Example for Security:

You are a security specialist reviewing code for vulnerabilities.
Focus: injection, auth bypass, secrets exposure, access control, data leakage.
Ignore: code style, performance (unless security-related), documentation.
Severity guide: RCE/auth bypass = CRITICAL, data exposure = MAJOR, ...

2. Execution Strategy

Option A: Parallel Panel

  • All personas run simultaneously on the same diff
  • Findings deduplicated and merged
  • Best for: large PRs, security-sensitive changes

Option B: Tiered Review

  • Stage 1: Architect + Product Owner (structural issues)
  • Stage 2: Security + Domain Expert (if Stage 1 passes)
  • Best for: cost optimization, smaller PRs

Option C: Selective Assignment

  • PR labels or file patterns trigger specific personas
  • security label → Security Specialist
  • lib/trading/ changes → Domain Expert
  • Best for: mature repos with clear boundaries

3. Synthesis

After all personas complete:

  1. Deduplicate identical findings
  2. Group by severity (CRITICAL → NIT)
  3. Tag each finding with persona source
  4. Generate unified report with sections per persona

4. PR Size Adaptation

PR Size Personas
XS/S Architect only
M Architect + Security
L Full panel
XL Should be split first

Gargoyle-Specific Personas

For gargoyle, the Domain Expert would specialize in:

  • Order lifecycle and state machine correctness
  • Fill handling, partial fills, overfills
  • Risk calculations and position tracking
  • Event sourcing invariants (idempotency, replay correctness)
  • Decimal precision for money/quantities

Cost Considerations

  • More passes = more cost — but specialized prompts are often shorter
  • Reduced back-and-forth — catching domain issues early saves rework
  • Model selection per persona:
    • Security: Opus/GPT-5 (high stakes, needs reasoning)
    • Architect: Sonnet (pattern matching, fast)
    • Product Owner: Haiku (checklist comparison, cheap)

Open Questions

  1. Should personas have access to different context? (Security sees secrets config, Domain Expert sees related tests)
  2. How to handle disagreements between personas?
  3. Should findings from certain personas block merge? (Security MAJOR = hard block?)
  4. How to evolve persona checklists based on historical findings?

Success Metrics

  • Reduction in post-merge bugs by category
  • Fewer false positives per review
  • Time from PR open to actionable feedback
  • Developer satisfaction with review quality

Next Steps

  1. Prototype with 2-3 personas on gargoyle PRs
  2. Compare findings vs current twin review
  3. Iterate on prompts based on signal/noise ratio
  4. Expand to full panel if validated

Addendum: Model Selection & Prompt Structure

Model Strengths by Persona

Persona Best Model Why
Security Opus, GPT-5 Needs deep reasoning for attack chains, subtle vulnerabilities. High stakes = worth the cost.
Architect Sonnet, GPT-4.1 Pattern matching, consistency checks. Fast iteration, good enough reasoning.
Domain Expert Opus, GPT-5 Business logic requires understanding complex invariants (order states, financial calculations).
Product Owner Haiku, GPT-4.1-mini Checklist comparison against AC. Structured task, doesn't need deep reasoning.
User/Docs Sonnet Clarity assessment, API ergonomics. Middle ground.
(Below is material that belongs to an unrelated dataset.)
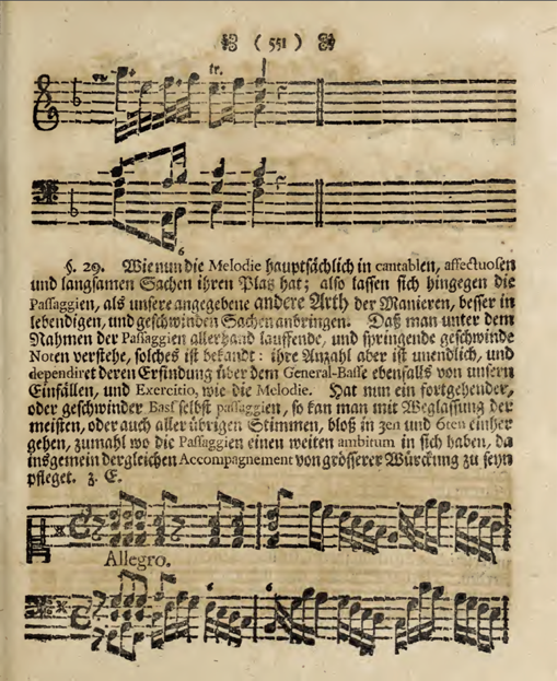 Heinichen, Der Generalbass, 551 §.29. ‘Wie nun die Melodie hauptsächlich in cantablen, affectuosen und langsamen Sachen ihren Platz hat; also lassen sich hingegen die Passagien, als unsere andere Arth der Manieren, besser in lebendigen, und geschwinden Sachen anbringen.’ ↩︎

Prompt Structure Principles

1. Role Anchoring
Start with a clear identity that constrains scope:

You are a security specialist. Your ONLY job is finding security vulnerabilities.
You do NOT comment on: code style, performance, documentation, naming.

2. Expertise Context
Give the persona relevant background knowledge:

You have expertise in:
- OWASP Top 10
- Elixir/Phoenix security patterns
- Event sourcing attack vectors (replay attacks, event injection)

3. Severity Calibration
Each persona needs domain-specific severity definitions:

CRITICAL: Remote code execution, auth bypass, data exfiltration
MAJOR: Privilege escalation, information disclosure, DoS
MINOR: Missing rate limiting, verbose errors

4. Output Format
Structured output for easy synthesis:

Finding:
- Severity: [CRITICAL|MAJOR|MINOR|NIT]
- Location: file:line
- Issue: <one sentence>
- Evidence: <code snippet>
- Recommendation: <fix>

5. Anti-Patterns to Avoid

  • Don't make prompts too long (model loses focus)
  • Don't mix concerns (security persona shouldn't mention naming)
  • Don't be vague about scope boundaries
  • Don't forget to calibrate what "MAJOR" means for THIS persona

Prompt Evolution

Prompts should evolve based on:

  1. False positive rate — if a persona keeps flagging non-issues, tighten scope
  2. Missed findings — if real bugs slip through, add to checklist
  3. Overlap — if two personas keep finding the same thing, clarify boundaries
  4. Model behavior — different models respond differently to the same prompt

Track prompt versions and correlate with finding quality.

Context Shaping

Different personas may need different context windows:

Persona Context Needs
Security Full diff + auth/config files + dependency versions
Architect Full diff + related module interfaces + bounded context docs
Domain Expert Full diff + domain docs + related tests
Product Owner Diff summary + linked issue/AC + feature docs
User/Docs Public API changes + README + existing docs

Smaller context = faster + cheaper + more focused. Don't give Security the full codebase when they only need auth flows.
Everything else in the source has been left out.